Hal itu menyusul adanya tragedi peledekan amunisi kedaluwarsa di Desa Sagara, Kabupaten Garut, Jawa Barat yang menewaskan anggota TNI dan warga sipil. Menurut dia, undang-undang itu komprehensif mencakup ketiga matra di TNI dan Polri. Selama ini, kata dia, aturan untuk pemusnahan amunisi hanya didasarkan pada prosedur tetap (protap) yang dibuat oleh masing-masing matra di TNI.
"Jadi, tata cara disposal amunisi di TNI AD, dengan TNI AL dan TNI AU berbeda-beda dan tidak integrasi. Mereka mengacu kepada aturan internal saja," ujar Muradi ketika dihubungi IDN Times, dikutip Rabu (14/5/2025).
Ia menambahkan, ada sejumlah aturan mulai dari Perpres, Peraturan Menhan hingga Peraturan Kapolri soal penggunaan amunisi. Namun, dalam aturan-aturan tersebut, tak ada satu pun poin yang menyebut tata cara pemusnahan amunisi yang sudah tidak terpakai.
"Yang ada di dalam aturan itu adalah pembelian atau pengadaan, penggunaan dan habis pakai. Amunisi yang habis pakai ini penting untuk dijelaskan.

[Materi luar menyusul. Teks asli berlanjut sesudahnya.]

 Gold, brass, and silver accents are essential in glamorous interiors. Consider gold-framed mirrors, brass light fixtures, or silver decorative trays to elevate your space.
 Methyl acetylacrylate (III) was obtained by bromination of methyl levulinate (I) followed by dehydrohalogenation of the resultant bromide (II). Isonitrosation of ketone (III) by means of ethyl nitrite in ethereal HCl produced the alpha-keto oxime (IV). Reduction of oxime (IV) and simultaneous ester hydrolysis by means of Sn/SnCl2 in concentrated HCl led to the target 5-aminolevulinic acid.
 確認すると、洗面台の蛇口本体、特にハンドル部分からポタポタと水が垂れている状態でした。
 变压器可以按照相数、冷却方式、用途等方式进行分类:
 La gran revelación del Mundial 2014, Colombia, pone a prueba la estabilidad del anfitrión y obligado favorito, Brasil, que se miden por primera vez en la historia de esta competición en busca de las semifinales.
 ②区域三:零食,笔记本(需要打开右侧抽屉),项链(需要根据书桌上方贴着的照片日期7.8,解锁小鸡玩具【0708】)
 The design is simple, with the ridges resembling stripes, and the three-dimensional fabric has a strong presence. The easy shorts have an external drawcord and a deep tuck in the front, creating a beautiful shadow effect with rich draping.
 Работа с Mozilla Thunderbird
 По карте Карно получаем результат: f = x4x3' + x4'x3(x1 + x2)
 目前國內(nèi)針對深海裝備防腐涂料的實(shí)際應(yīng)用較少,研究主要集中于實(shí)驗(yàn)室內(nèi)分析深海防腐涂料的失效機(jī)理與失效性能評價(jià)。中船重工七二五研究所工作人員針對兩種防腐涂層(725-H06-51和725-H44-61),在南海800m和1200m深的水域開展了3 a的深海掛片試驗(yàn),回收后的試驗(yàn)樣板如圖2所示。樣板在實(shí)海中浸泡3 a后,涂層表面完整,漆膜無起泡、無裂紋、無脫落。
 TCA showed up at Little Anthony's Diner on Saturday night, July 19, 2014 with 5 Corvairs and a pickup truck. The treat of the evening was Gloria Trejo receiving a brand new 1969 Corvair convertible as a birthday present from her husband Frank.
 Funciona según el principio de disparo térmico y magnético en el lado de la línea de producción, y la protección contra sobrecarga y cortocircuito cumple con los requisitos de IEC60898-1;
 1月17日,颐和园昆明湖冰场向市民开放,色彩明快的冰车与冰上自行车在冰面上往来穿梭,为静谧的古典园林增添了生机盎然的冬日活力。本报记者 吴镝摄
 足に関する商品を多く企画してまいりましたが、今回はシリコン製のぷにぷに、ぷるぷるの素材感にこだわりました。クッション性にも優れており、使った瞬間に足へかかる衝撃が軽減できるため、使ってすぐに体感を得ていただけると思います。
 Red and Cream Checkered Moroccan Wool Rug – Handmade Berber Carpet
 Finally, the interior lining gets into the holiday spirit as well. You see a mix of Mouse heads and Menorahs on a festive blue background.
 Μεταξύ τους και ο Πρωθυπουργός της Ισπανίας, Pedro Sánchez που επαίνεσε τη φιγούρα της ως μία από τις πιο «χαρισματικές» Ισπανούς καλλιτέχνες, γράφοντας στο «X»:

Apakah amunisi yang sudah habis pakai ini hanya menjadi tanggung jawab dari pengguna saja atau bersama dengan produsen (amunisi)?" kata dia.
Muradi kemudian mengacu ke militer di sejumlah negara yang melibatkan produsen amunisi dalam proses pemusnahan.
"Katakanlah kita punya PT Dahana, PT Pindad, mereka bisa ikut supervisi (pemusnahan amunisi) di situ," kata dia.